We see significant value in banks in both developed and emerging Asia. The strategic shift among Corporates (as discussed earlier) combined with higher interest rates and higher inflation provide banks with a good opportunity to grow their earnings after years of low margins (in developed economies) and poor asset quality (in emerging economies). ASEAN banks further benefit from asset quality normalisation coming out of the delayed reopening in their economies over 2021. Market implied returns and investor underweight positioning suggest we are getting paid to take on this normalisation, without running into investor crowding.

We continue to like several restructuring opportunities in Asia where management teams are driving large-scale change in a firm’s culture, operations, and balance sheet to revert returns to their historical mean. We believe our understanding of this internal change and an edge in understanding normalised returns beyond the next few quarters allow us to take outsized positions in these companies, without worrying about short-term macro volatility.

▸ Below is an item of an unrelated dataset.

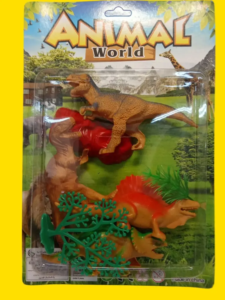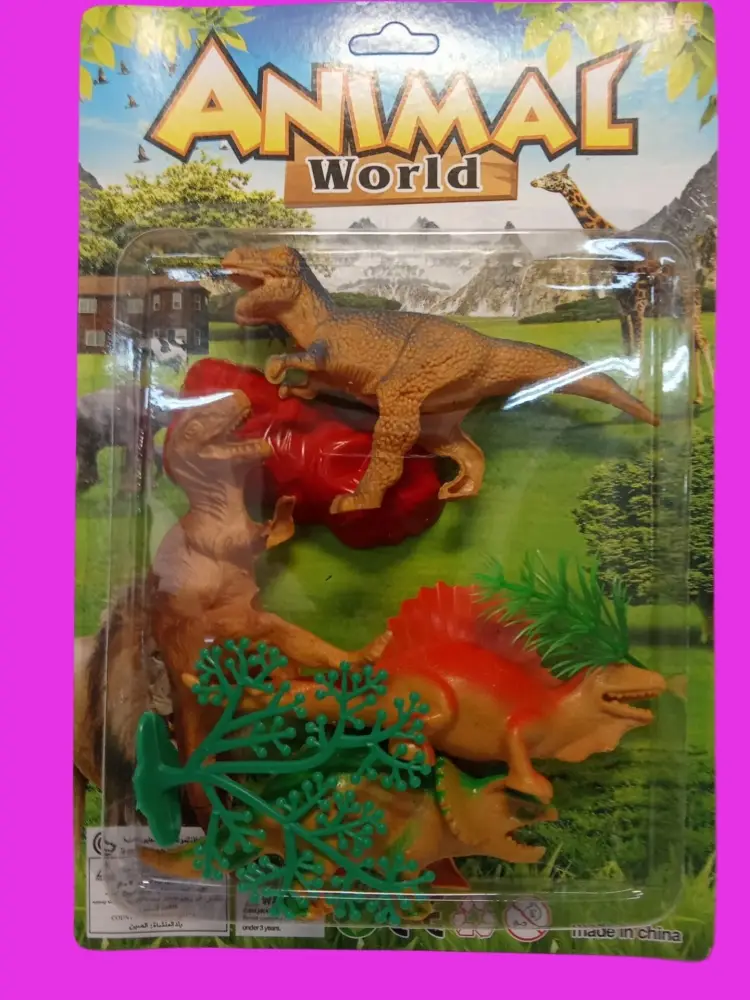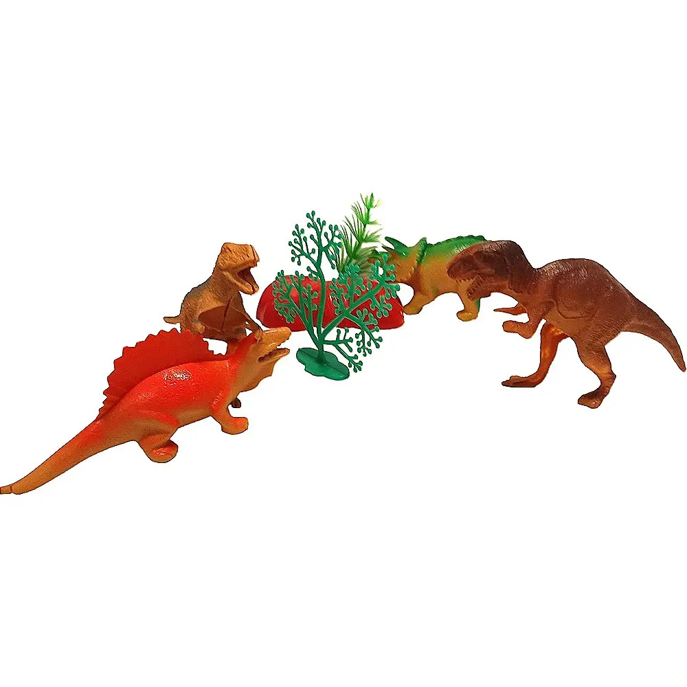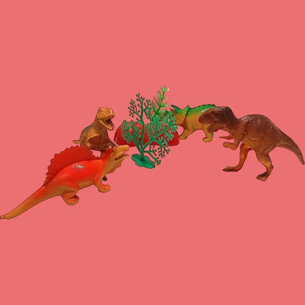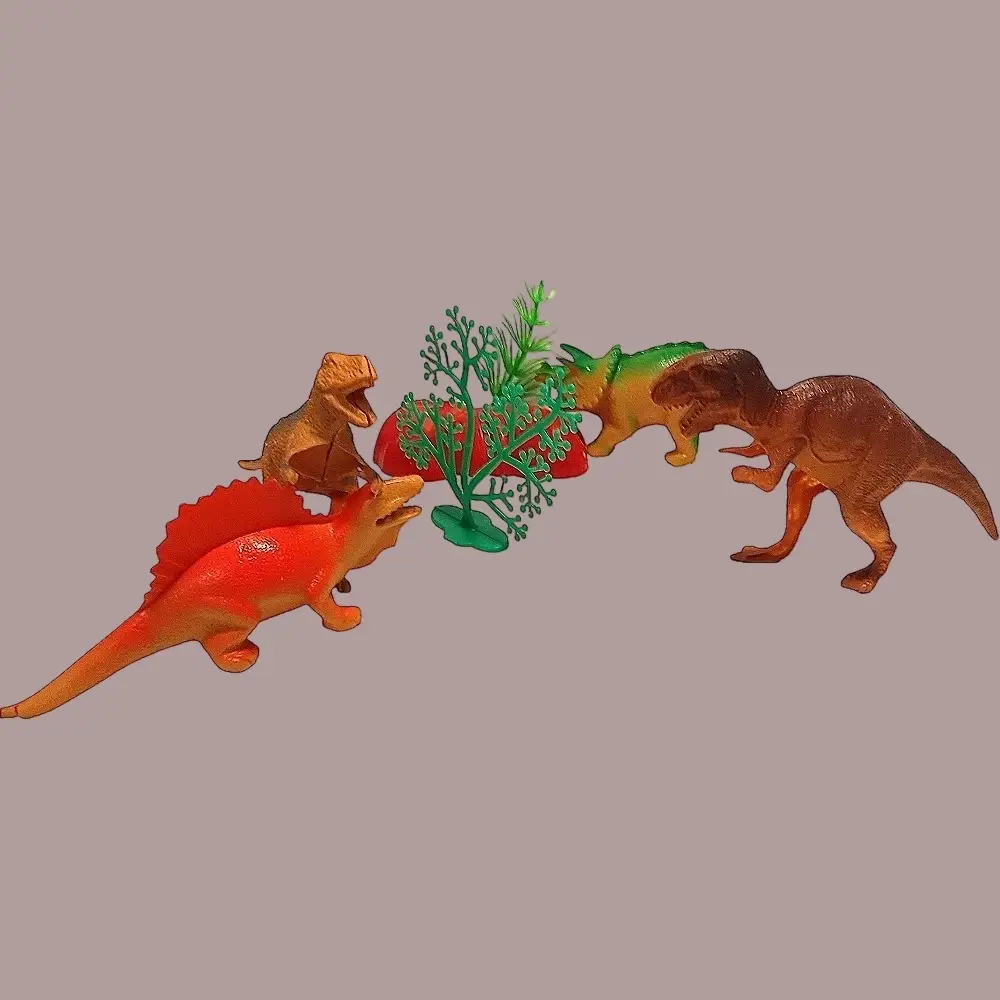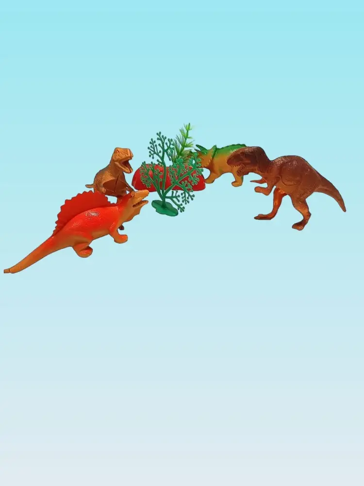 Представь: набор из четырёх реалистичных динозавров (тираннозавр, стегозавр, трицератопс, велоцираптор — или другие, но всегда крутые!). Каждый — размером 10–10 см, детально проработан: чешуя, зубы, даже выражение "лица".

We are also seeing mispricing opportunities in large public-sector companies in China. Many companies have de-rated over the last 2 years due to the US sanctions, the property downcycle and the trade war concerns despite no negative impact to their medium term cashflows and improved visibility in their ESG journey. As we look beyond the recent COVID-induced lockdowns, we are also attracted to the services sector i.e., travel, leisure, and advertising. These businesses have robust moats and positive cashflows and are outside the limelight of their crowded bigger peers.

Why we are invested in Value

At Eastspring, our value philosophy is premised on the observation that human emotions and behavioural biases distort investment decision making. This leads investors to focus on the recent past, extrapolate into the near future, and thus overpay for the promise of growth and perception of quality.

Our disciplined value approach relies on a proprietary screening of outlier de-rated stocks within our Asian investment universe, a focus on medium-term sustainable returns, and an experienced team of investors debating the best investment opportunities from this basket of mispriced stocks. Our investment edge is in understanding the range of medium-term outcomes in this opportunity set, versus what is implied in the current market expectations.

We believe the starting point for Asia ex Japan’s valuations, the re-commencement of value’s outperformance, and the distinct regime shift in the economic cycle and corporate strategies bode well for Asian equities. The investment style allocations over the last five to seven years and investor crowding in ‘me-too’ strategies should get re-evaluated at this point.

This is the seventh of a series of eight articles which examines the different investment strategies investors can adopt to tap on the opportunities that are emerging in Asia.

Sources:
1 Refinitiv Eikon Datastream, MSCI Asia ex Japan Index versus MSCI Asia ex Japan Value Index, total return indices, USD to 29 April 2022.
2 Total Addressable Market/Gross Merchandise Value
3 Bank of America’s Fund Manager Survey, April 2022.
4 Refinitiv Eikon Datastream, MSCI Asia ex Japan Index USD total return index as of 29 April 2022.